Das Herz Gottes lodert vor Mitleid! Am heutigen Fest des Heiligsten Herzens Jesu lädt die Kirche uns dazu ein, über dieses Geheimnis nachzudenken, das Geheimnis des Herzens eines Gottes, der Mitleid empfindet und seine ganze Liebe über die Menschheit ausgießt. Eine geheimnisvolle Liebe, die uns in den Texten des Neuen Testaments als unermessliche Leidenschaft Gottes für den Menschen offenbart wird. Er gibt weder angesichts der Gleichgültigkeit noch angesichts der Ablehnung des Volkes auf, das er sich erwählt hat; vielmehr sendet er aus unendlicher Barmherzigkeit seinen eingeborenen Sohn in die Welt, damit er das Schicksal der zerstörten Liebe auf sich nehme; damit er durch den Sieg über die Macht des Bösen und des Todes den Menschen, die zu Sklaven der Sünde geworden sind, die Würde der Kindschaft wiedergeben könne. All dies hat einen hohen Preis: der eingeborene Sohn des Vaters opfert sich am Kreuz: „Da er die Seinen, die in der Welt waren, liebte, erwies er ihnen seine Liebe bis zur Vollendung" (Joh 13, 1). Zeichen dieser Liebe, die über den Tod hinausgeht, ist seine von einer Lanze durchbohrte Seite. Dazu berichtet der Apostel Johannes als Augenzeuge: „Einer der Soldaten stieß mit der Lanze in seine Seite, und sogleich floss Blut und Wasser heraus" (Joh 19, 34). (….)

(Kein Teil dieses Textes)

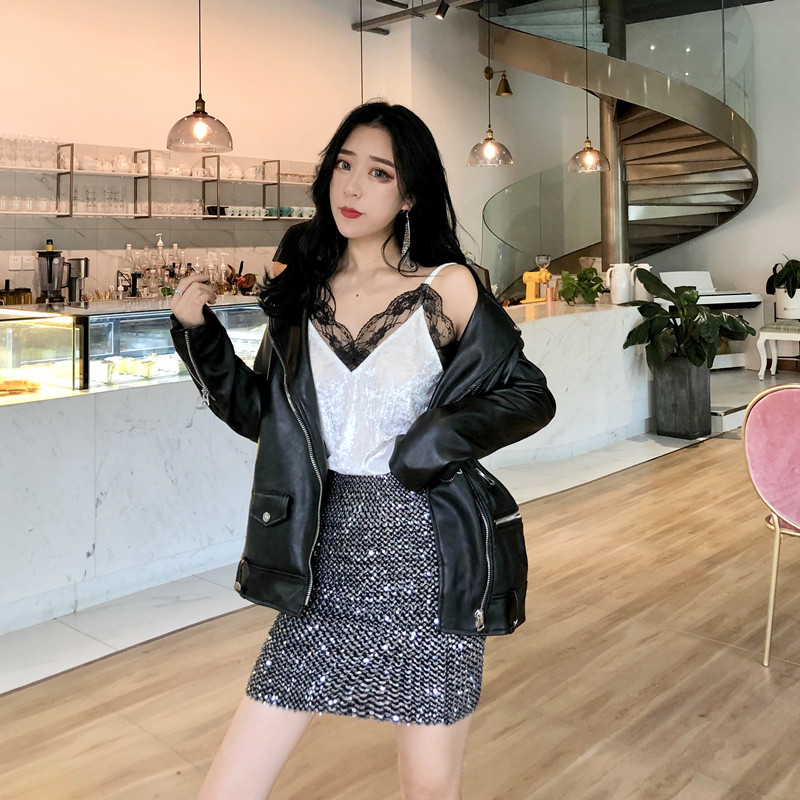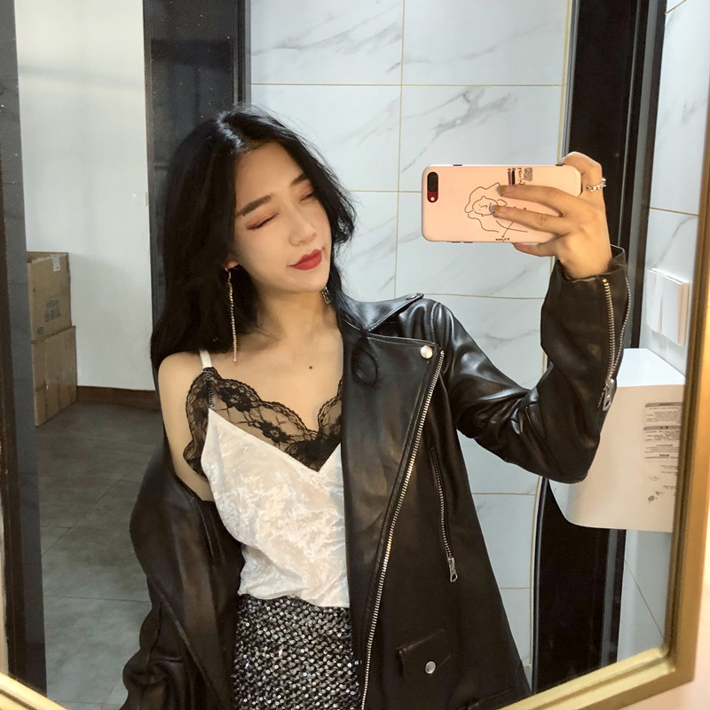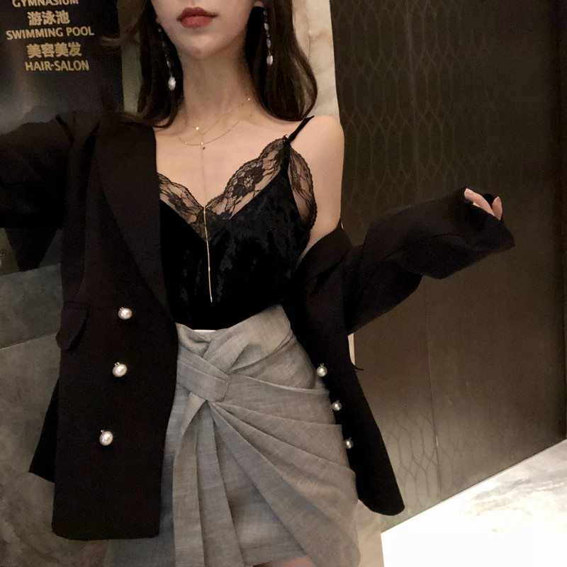秋裝女2018新款套裝小心機吊帶背心V領性感露肩蕾絲上衣+西裝外套

Liebe Brüder und Schwestern, halten wir gemeinsam inne, um das durchbohrte Herz des Gekreuzigten zu betrachten. Wir haben es gerade in der kurzen Lesung aus dem Brief des heiligen Paulus an die Epheser noch einmal gehört: „Gott aber, der voll Erbarmen ist, hat uns, die wir infolge unserer Sünden tot waren, in seiner großen Liebe, mit der er uns geliebt hat, zusammen mit Christus wieder lebendig gemacht. ... Er hat uns mit Christus Jesus auferweckt und uns zusammen mit ihm einen Platz im Himmel gegeben" (Eph 2, 4-6). Im Herzen Jesu kommt der wesentliche Kern des Christentums zum Ausdruck; in Christus ist uns die ganze revolutionäre Neuheit des Evangeliums offenbart und geschenkt worden: die Liebe, die uns erlöst und uns bereits in der Ewigkeit Gottes leben lässt. Der Evangelist Johannes schreibt: „Denn Gott hat die Welt so sehr geliebt, dass er seinen einzigen Sohn hingab, damit jeder, der an ihn glaubt, nicht zugrunde geht, sondern das ewige Leben hat" (3, 16). Sein göttliches Herz ruft also unser Herz; es lädt uns dazu ein, aus uns selbst hinauszugehen, unsere menschlichen Sicherheiten aufzugeben, um uns Ihm anzuvertrauen und uns selbst, seinem Beispiel folgend, in vorbehaltloser Liebe zu verschenken.
(aus der Predigt von Papst Benedikt XVI. zur Eröffnung des Priesterjahres am 19. Juni 2009)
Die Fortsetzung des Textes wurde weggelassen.